Investing in property is an effective wealth creation strategy that tens of thousands of Australians use to get ahead financially. While managed funds, shares and stocks also offer opportunities to grow your wealth, some experts point to real estate as your best bet in the current market.
There are plenty of reasons to invest in property, including the fact that you’re buying a tangible asset – bricks and mortar – which will be always be in demand. Stocks and shares, on the other, can lose all of their value in a day; we’ve all heard the horror stories, and in fact some of us have experienced them first hand.
But people will always need a place to live, which makes property a more attractive option. There are four more compelling reasons why should be browsing the real estate listings, according to Brisbane-based Grow Consulting Group.
Receive dual income
Unlike other forms of investment, property provides two streams of income, explains Ayda Shabanzadeh, managing director of Grow. “When you purchase a property at today’s market value, while you hold the investment it is likely to increase in value over time, due to a favourable demand versus supply situation, a strengthening economy, inflation and population growth,” she says. “However, you don’t need to sell the asset to make money. You can continue to earn income while you hold it, through rent – a great source of passive income.”
Leverage your risk
Property is a low-risk investment option when compared to shares and stocks, which are heavily linked to the national and global economy, and can be extremely volatile. “Property is much easier to leverage when compared with other investment options,” Shabanzadeh says. “Banks are generally comfortable to lend more for property as they recognise it as a low-risk investment option, and they’re also confident that they can recoup the cost should they need to.”
Maximise your tax refund
An investment property is tax deductable, so the Australian Taxation Office (ATO) will allow you to claim a tax deduction for most of the expenses you incur when buying and managing an investment property.
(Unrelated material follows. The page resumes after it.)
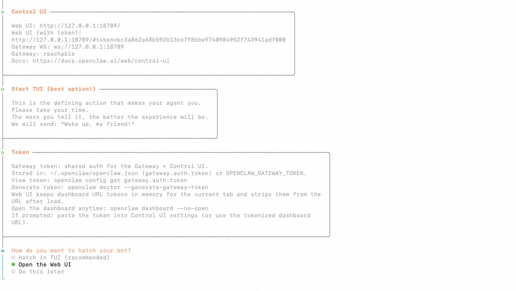 到这里OpenClaw就安装部署好了。

If you experience a financial loss – meaning that the annual costs of owning your investment property exceed the annual rental income you receive – you can offset these losses against your income tax.
“This is a strategy known as negative gearing,” Shabanzadeh says. “Normally, you receive this tax amount back at the end of the financial year when you complete your tax return, but it is also possible to receive this money in your regular pay: in other words, you can receive the tax saving during the course of the year to provide better cashflow.”
“While property values sometimes fall slightly in the short-term, over the long term, it always increases [in value] as demand for housing will continue to grow,” Shabanzadeh explains. “It is also less stressful as investors don’t need to keep up to date with daily share markets – they simply hold their investment and reap the rewards.”